Ciascun progetto ha necessità narrative tanto forti quanto distanti fra loro, dunque la possibilità di raccontare personaggi distanti fra loro.
Lo considero un privilegio ed una fortuna.
“The Equilizer 3” è il tuo primo progetto internazionale. Che ti ha colpito di più di questa nuova esperienza?
In sé il lavoro è lo stesso, nulla cambia di fatto. Ciò che si evince è la grande realtà produttiva alle spalle, è innegabile che un high budget permetta di avere più tempo per girare, più ciak buoni.
Quando reciti in un film il lavoro che fai su te stesso e il personaggio può essere molto grande, magari entri in contatto con parti di te stesso che non pensavi di avere. Qual è l’ultima cosa che hai scoperto di te grazie alla recitazione?
Questo mestiere io lo intendo come estensione della propria vita, quindi esimersi è distante dal mio punto di vista sul lavoro. Ciò che identifica il personaggio è ciò che fa, come agirà, tutto questo è nella sceneggiatura. Poi sta all’attore o attrice dare una propria proposta.
Qual è stato il momento più gratificante della tua carriera finora?
Ci sono stati diversi momenti significativi nella mia vita professionale, di questo ringrazio l’universo. Certo è che il lavoro con fatto con Denzel (“THE GOAT”) Washington, che io da sempre considero uno dei più grandi della storia, è probabilmente stato il momento più gratificante…fino ad ora.
“Ci sono stati diversi momenti significativi nella mia vita professionale, di questo ringrazio l’universo”.
Come ti prepari per i tuoi ruoli? Hai una routine o un processo particolare che segui per immergerti nei personaggi che interpreti?
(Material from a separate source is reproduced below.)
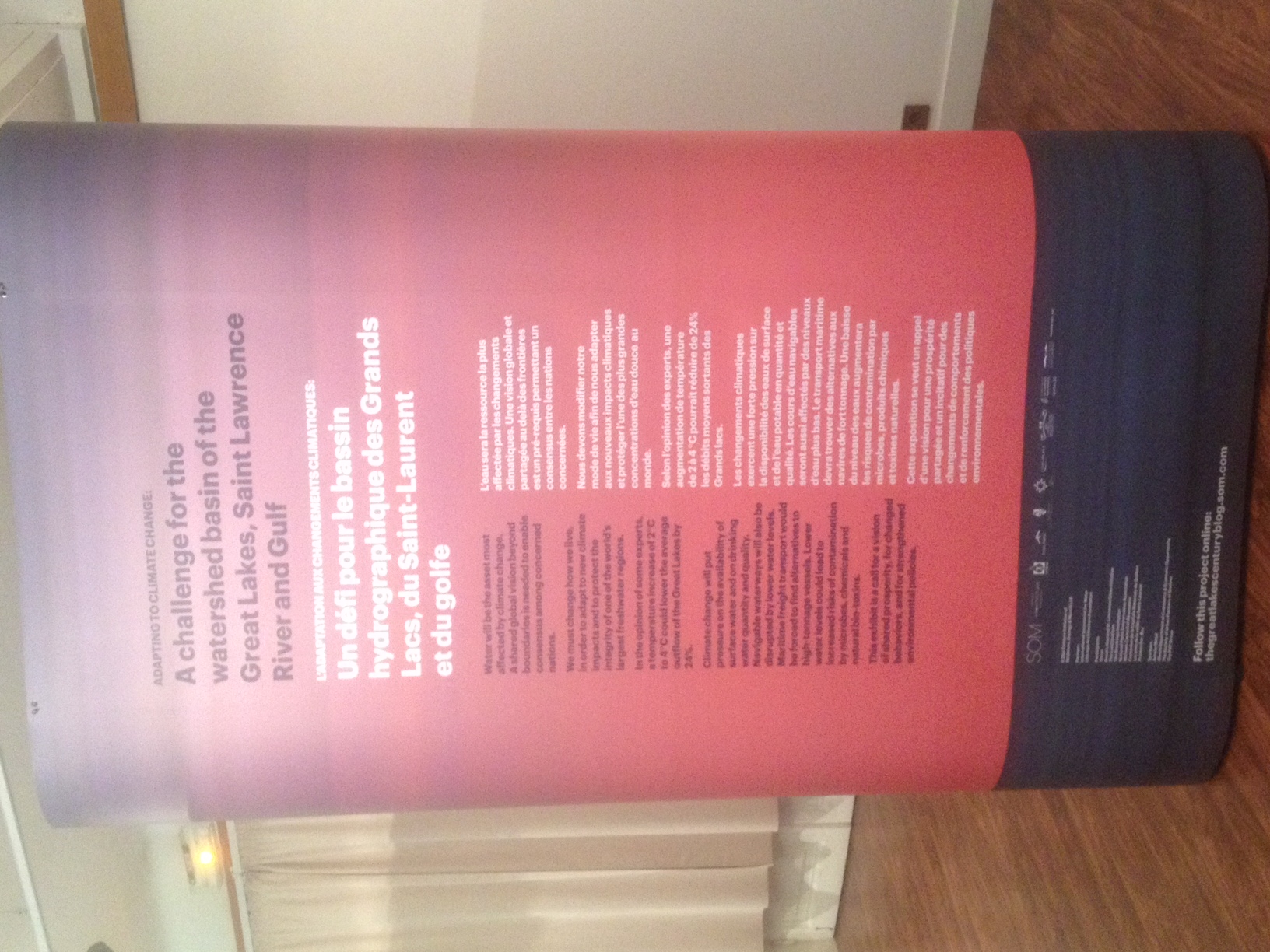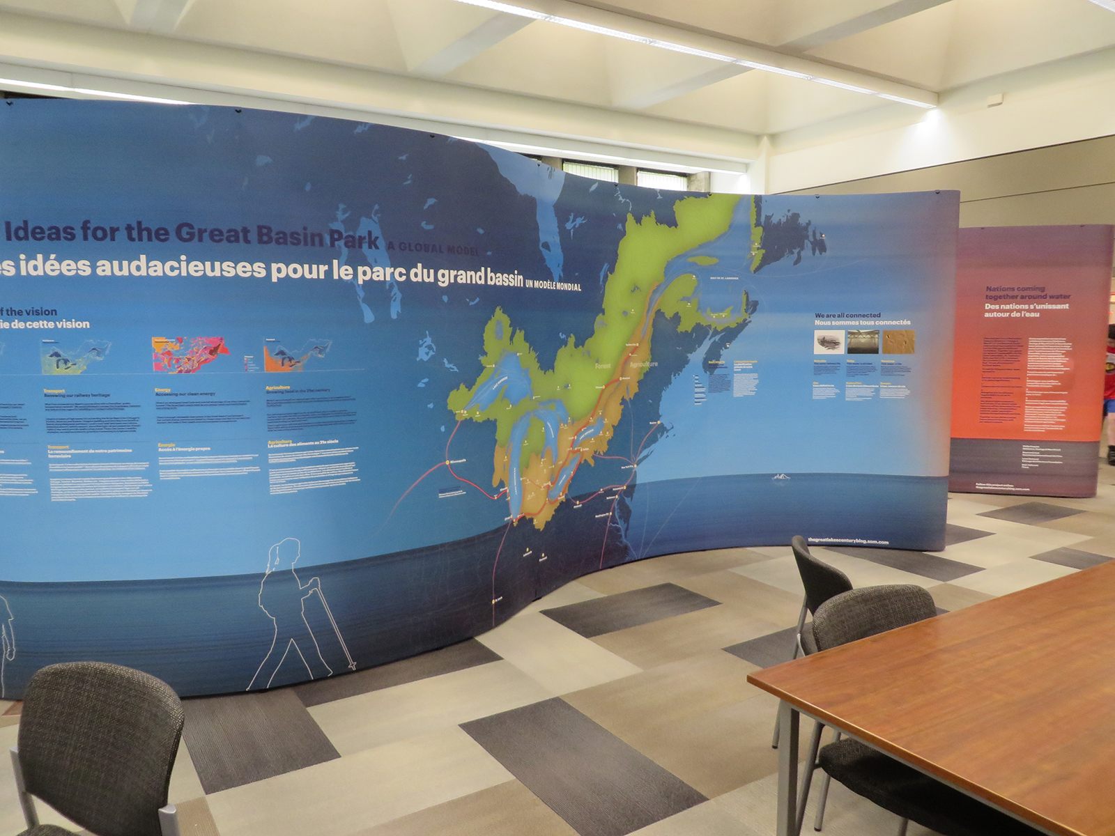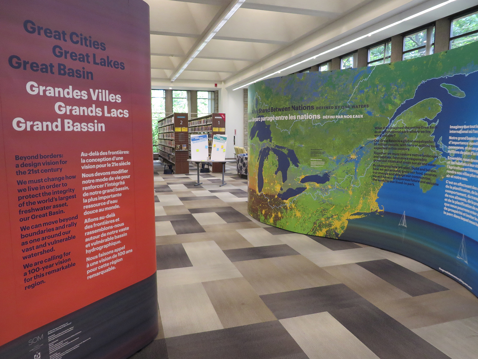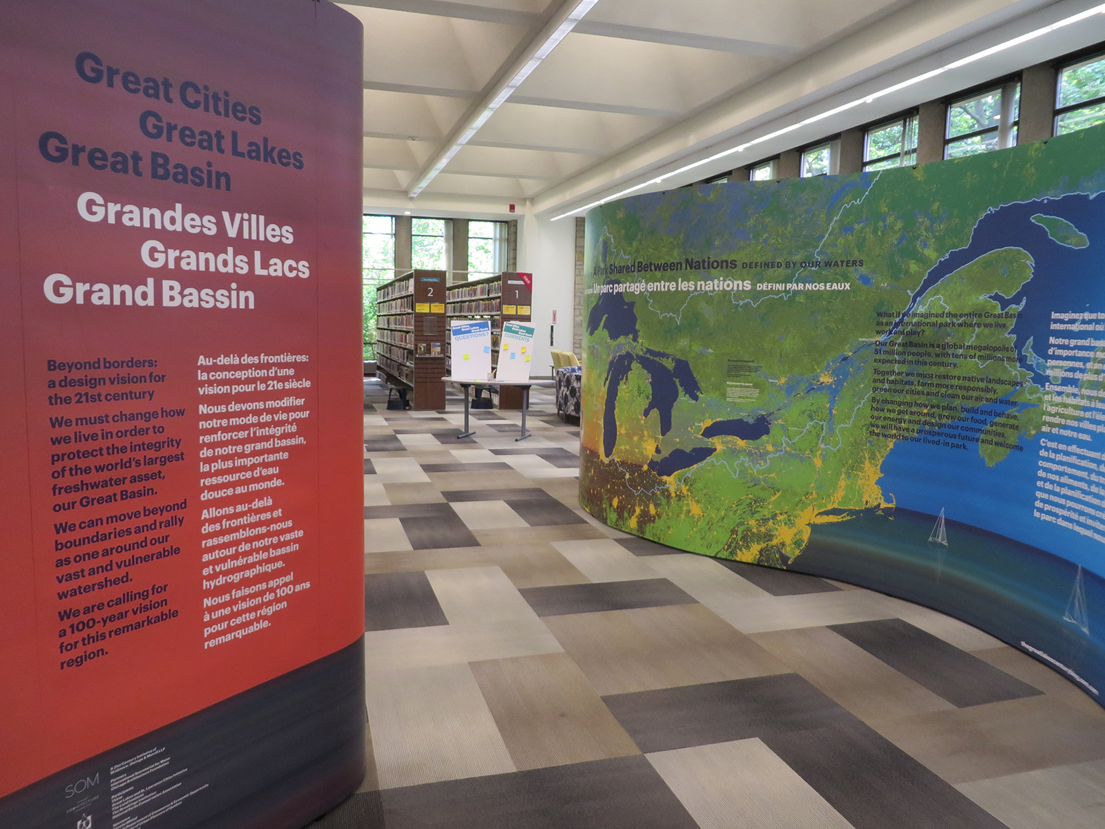 À partir de septembre 2014, une exposition itinérante intitulée Grandes Villes, Grands Lacs, Grand Bassin a été produite pour partager la vision de l’ensemble de bassin dans un contexte d’adaptation aux changements climatiques.

Leggere e rileggere la sceneggiatura per avere l’arco narrativo in mente, preciso. Poi c’è il discorso di abbandonarsi alla storia, e non conosco una routine applicabile.
Il tuo must-have sul set?
Va bene, te lo dico. Cerco sempre di addossare un anello, che ha un valore personale molto importante, ad un mio personaggio. Finora ha funzionato!
Qual è la cosa più coraggiosa che tu abbia mai fatto?
Fare l’attore.
Qual è la tua isola felice?
La casa piena, la famiglia.
Cosa ti fa arrabbiare?
Tante cose, in verità, ma sto cercando di lavorare nel verso opposto, di concentrarmi su cos’è che NON mi fa arrabbiare, su come posso sciogliere dei nodi di nervosismo per cose che possono farmi arrabbiare. Ad ogni modo, devo proprio guardarmi dentro per trovare qualcosa che mi faccia arrabbiare, e non mi va di farlo; se guardo in superficie, invece, non trovo nulla. Amo la mia vita e amo il mio mestiere, con tutte le difficoltà che comporta, con tutte le paure che si porta dietro questo meraviglioso e strano mondo. Però, insomma, la vivo in maniera abbastanza spensierata.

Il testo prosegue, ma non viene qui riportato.